TASK OBJECTIVE.
Where an image appears in the data, omit it and reproduce the rest exactly.

------ DATA ------

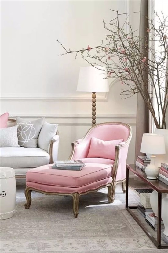 粉色代表着小公主、少女心?这太片面了,粉色是一个非常时尚积极的色彩,它典雅而温馨,充满着浪漫的想象。高级灰是极具质感的颜色,聪明使用灰色会让你的家充满精致、温馨的感觉。
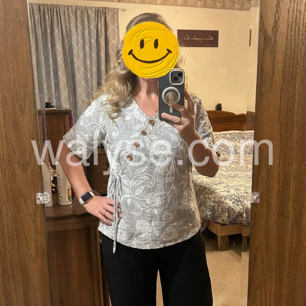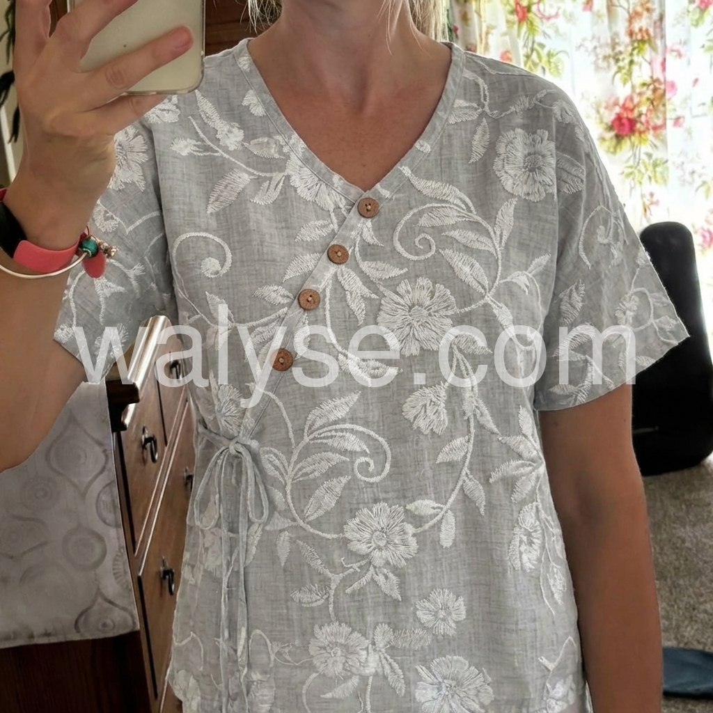 This short-sleeve top features a soft gray base with white floral print. V-neckline with wooden buttons and side tie detail. Relaxed fit for all-day comfort. Lightweight fabric perfect for casual wear. Ideal for pairing with jeans or pants.
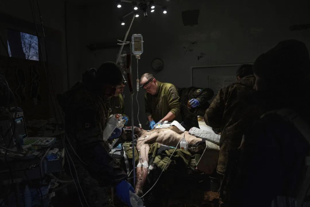 ▲2023 年 1 月 9 日,乌克兰顿涅茨克地区的一家医院,军医正在治疗一名从战场撤离的受伤战友,但他最后没有生还。
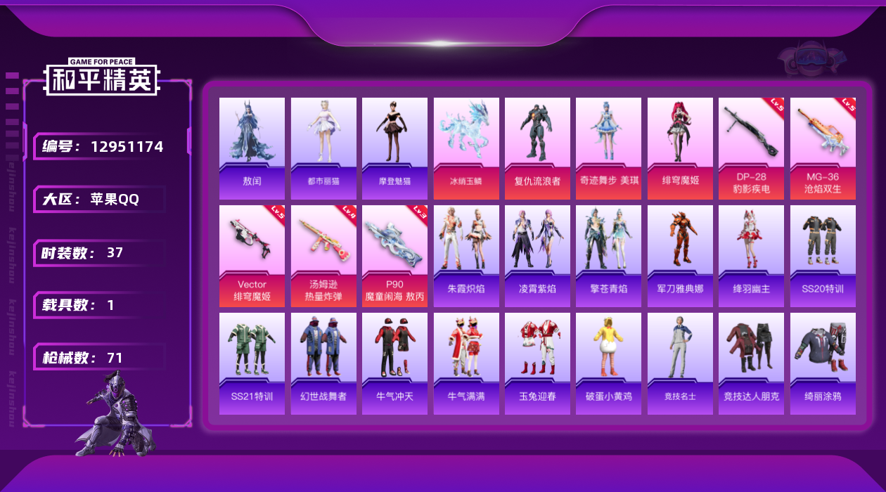 [12951174]【特价急出/详情看图】:苹果 手Q-3粉装-5特效枪-1载具-3粉色飞行器-2.2w热力值-3王牌印记-37套装-71枪皮【热门品类】:角色-军刀雅典娜【粉色载具】:冰绡玉鳞【粉色套装】:角色-复仇流浪者,角色-绯穹魔姬,角色-奇迹舞步 美琪【粉色枪皮等级】:Vector-绯穹魔姬(五级),汤姆逊-热量炸弹(四级),P90-魔童闹海 敖丙(三级),DP-28-豹影疾电(五级),MG-36-沧焰双生(五级)【粉色飞行器】:飞天猪飞行器,灵珠游龙飞行器

------

TASK OUTPUT.
 粉色代表着小公主、少女心?这太片面了,粉色是一个非常时尚积极的色彩,它典雅而温馨,充满着浪漫的想象。高级灰是极具质感的颜色,聪明使用灰色会让你的家充满精致、温馨的感觉。
 This short-sleeve top features a soft gray base with white floral print. V-neckline with wooden buttons and side tie detail. Relaxed fit for all-day comfort. Lightweight fabric perfect for casual wear. Ideal for pairing with jeans or pants.
 ▲2023 年 1 月 9 日,乌克兰顿涅茨克地区的一家医院,军医正在治疗一名从战场撤离的受伤战友,但他最后没有生还。
 [12951174]【特价急出/详情看图】:苹果 手Q-3粉装-5特效枪-1载具-3粉色飞行器-2.2w热力值-3王牌印记-37套装-71枪皮【热门品类】:角色-军刀雅典娜【粉色载具】:冰绡玉鳞【粉色套装】:角色-复仇流浪者,角色-绯穹魔姬,角色-奇迹舞步 美琪【粉色枪皮等级】:Vector-绯穹魔姬(五级),汤姆逊-热量炸弹(四级),P90-魔童闹海 敖丙(三级),DP-28-豹影疾电(五级),MG-36-沧焰双生(五级)【粉色飞行器】:飞天猪飞行器,灵珠游龙飞行器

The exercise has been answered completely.